**WORK ORDER**
Output all of the data exactly, keeping any images out of the copy.

**SUPPLIED MATERIAL**
● ● ● ●
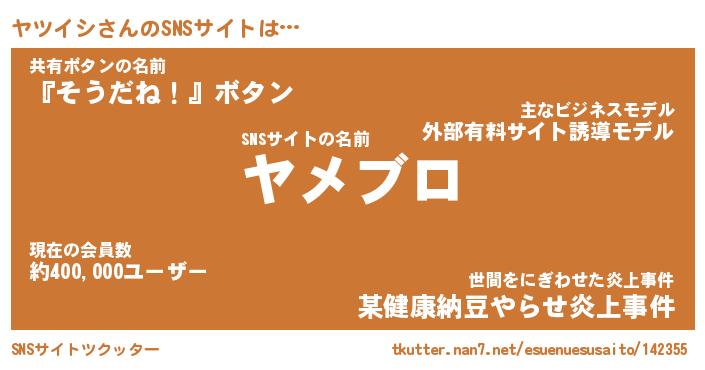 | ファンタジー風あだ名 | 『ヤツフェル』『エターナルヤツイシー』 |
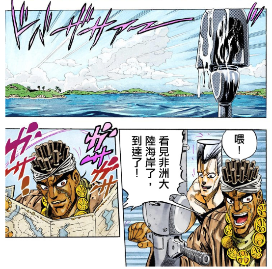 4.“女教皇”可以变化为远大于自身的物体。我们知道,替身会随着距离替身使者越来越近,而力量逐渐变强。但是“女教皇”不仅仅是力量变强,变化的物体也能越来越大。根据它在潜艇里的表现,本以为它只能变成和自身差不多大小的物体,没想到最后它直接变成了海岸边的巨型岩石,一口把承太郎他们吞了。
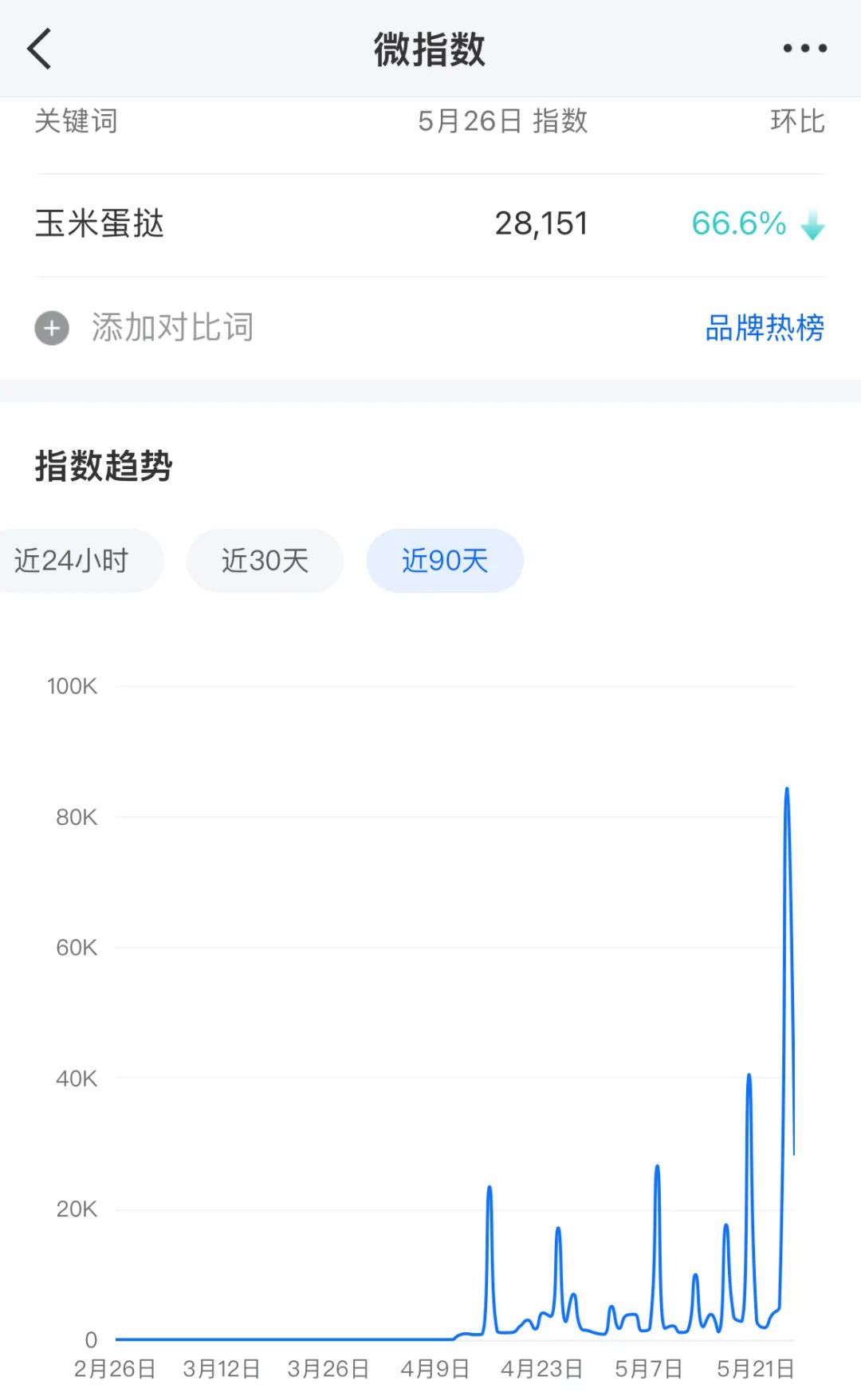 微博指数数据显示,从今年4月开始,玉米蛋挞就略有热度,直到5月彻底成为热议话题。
● ● ● ●
**EXPECTED ANSWER**
 | ファンタジー風あだ名 | 『ヤツフェル』『エターナルヤツイシー』 |
 4.“女教皇”可以变化为远大于自身的物体。我们知道,替身会随着距离替身使者越来越近,而力量逐渐变强。但是“女教皇”不仅仅是力量变强,变化的物体也能越来越大。根据它在潜艇里的表现,本以为它只能变成和自身差不多大小的物体,没想到最后它直接变成了海岸边的巨型岩石,一口把承太郎他们吞了。
 微博指数数据显示,从今年4月开始,玉米蛋挞就略有热度,直到5月彻底成为热议话题。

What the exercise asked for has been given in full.